It's been 7 months since I had my c-section with Daxton. It's hard to believe it's been that long. I have lived with pain at my incision site every single day since then. Every day. In the past month I can honestly say that the pain has subsided significantly and now it's only a twinge here and there. But it's been present with me, every day, reminding me of that ludicrous day and night of trying so badly to give birth to my boy.
We tried everything. Ultimately, my natural birth plan was rudely interrupted by an emergency c-section. I've come to terms with it. I am grateful, so very grateful. A hundred years ago my outcome might have looked very different. Thank goodness for modern medicine, truly. But I still can't believe it happened.
I can't believe that women, so very many of them, live with this kind of wound striping them forever. Having gone through this experience has given such an awakening, such an understanding and for what others have endured.
I have a new respect for the medical community and for how well cared for I was by my doctors and nurses. For real.
I'm more aware than ever of how very strong women are.
I'm astounded by how beautiful and terrifying and gracious childbirth is.
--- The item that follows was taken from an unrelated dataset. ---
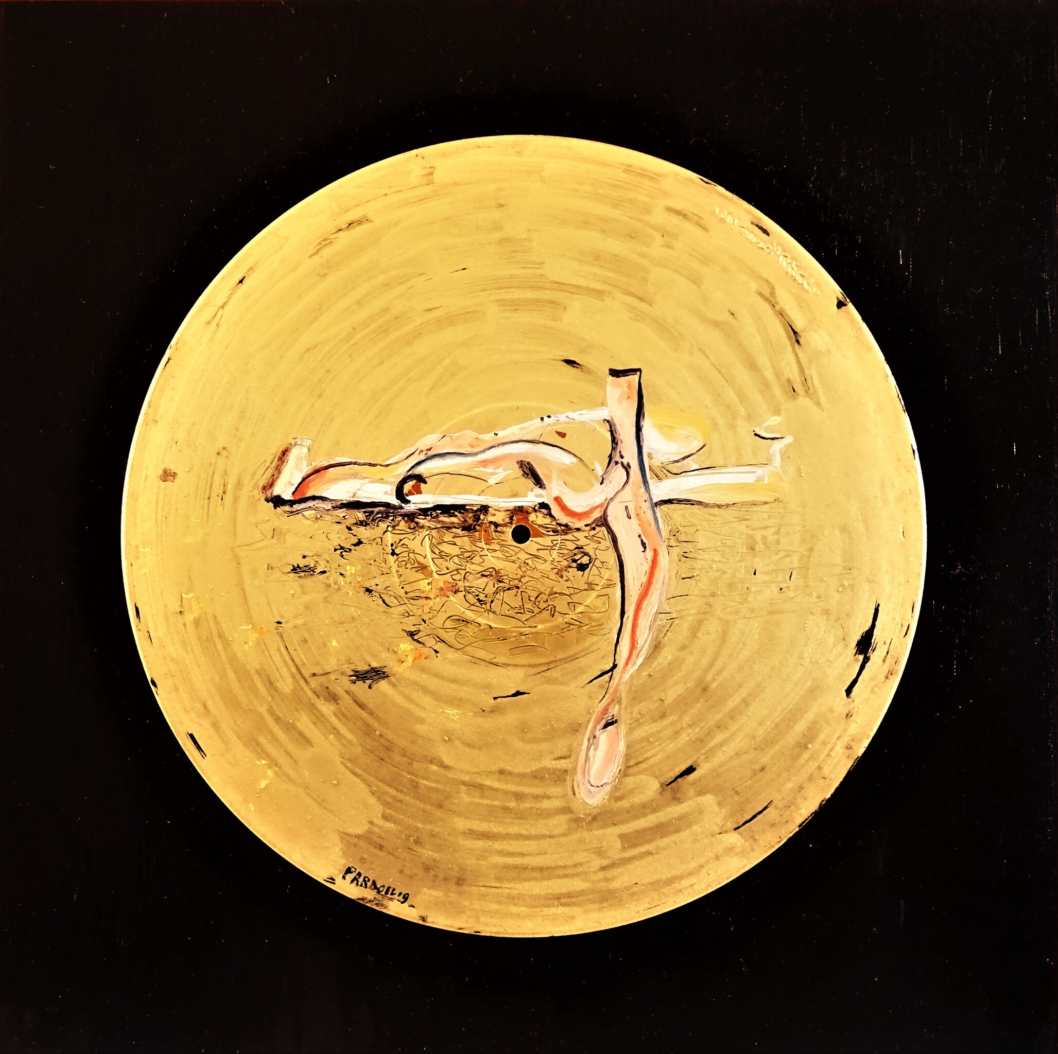 Studie voor nieuwe Heiligen 2. Geschilderd op een lang speelplaat en vastgemaakt op een houte vierkante ondergrond. Goudverf en olieverf

The thing about having babies and becoming a mother is that it changes you. Forever. All the things you once thought about parenthood and "what you will do" means nothing. All the moments of judgement you once had toward other parents - you will find yourself in their shoes. You will find yourself remembering how you once judged someone for shoving an iPhone in their child's hand when they were screaming in public. You realize it at the exact moment that you are doing the same thing. I'm not saying its right, I'm saying you will find yourself doing it though.
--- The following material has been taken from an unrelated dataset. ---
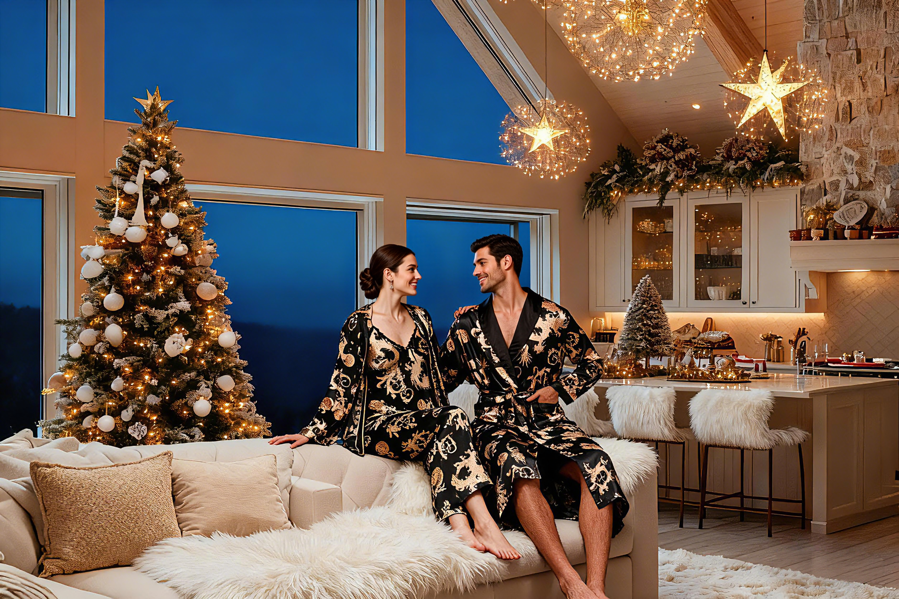 Slip into our silky pajamas and embrace the night.

This journey has humbled me. I used to think people who had c-sections were weak. They couldn't give birth or didn't really have the will to finish the job. Of course, I didn't mean to have these judgements. Forgive me, all of you. These thoughts were based on ignorance (as most judgements are). But after my experience, I see now how wrong I was. I worked so hard for both of my baby boys. It's the hardest work I have ever done. I was so strong and so fierce and yet my outcomes with both of my babies were so different. Everett was born naturally without any pain medications after 36 long hours. Daxton was delivered via c-section after 24 hours of labor, and an escalation from no pain meds to an introduction of pitocin, an epidural and finally, the emergency surgery. In fact, I think I even worked even harder for Daxton and still had a c-section. Life is strange, friends. Babies are worth it, though.
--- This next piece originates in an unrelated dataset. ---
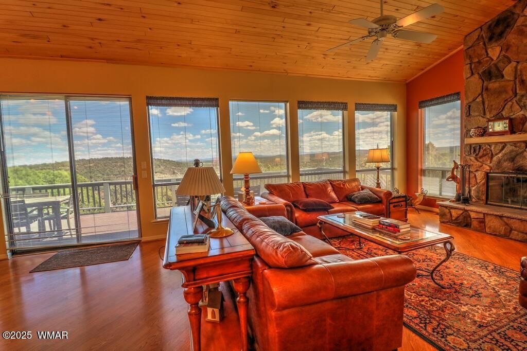 Come for the views! Stay for the solitude. 19.5 acres of your own hilltop oasis. The panoramic views extend from the east, to the south, and the west. Well maintained property which is fully fenced. Private well, Generac backup generator, and most of the furnishings stay with the home. One bedroom and one bath on the main level with kitchen and great room. The lower level, walk-out basement boasts 3 bedrooms, full bath and a utility room and game room. Front and rear decks to watch the storms roll in or just enjoy the scenery.

The day you give birth, there is awe and wonder at the new life you just created. But there is very little celebrated about your new life - when you become a mom, you are getting a new identity. You are forever changed. And to be honest, giving birth is kind of like the hazing before you get into the mom club. I'm kidding (sort of). But it's hard to find time or energy to really celebrate your own new identity. It's all so different - the new feelings (aka crazy hormones that are running the show), the new body (that you're trying to get on board with and not have self-loathing toward), the instincts of protection and ferocious love and adoration for your squishy (in my case, hefty), little love.
Nothing can prepare you for parenthood. You're never ready. But I can say with certainty that any pre-concieved judgements I once had towards other mothers is totally gone. Whenever I see a mom barking at her child at the grocery store, I say a silent prayer for her. Who knows what kind of day she's had and what kind of pressure she's been under, the lack of sleep she's probably be living with, the overwhelm she must be feeling. Grace grace grace. Grace for all the mamas!
I saw a cool-looking mom the other day at Target. We were both checking out at different registers, and she was holding her infant while her toddler was pulling on her shirt, and she was swiping her credit card and loading bags into her buggy and she was just momming so hard. I hollered over to her, "You're doing it! You got this mama!" and without even a pause she put up her one free hand and hollered back, "You're doing it, too, mama! You're amazing!" and then we both went our separate ways. It was such an empowering, fun, warming moment with a complete stranger - I love the camaraderie of motherhood and the dissipation of competition. We are all in this together and I am so grateful for my baby boys who have introduced me to my best life - full of love and wonder and the fight for this good gift of life.
So to all of you mamas out there - you're doing it! You're amazing! You got this.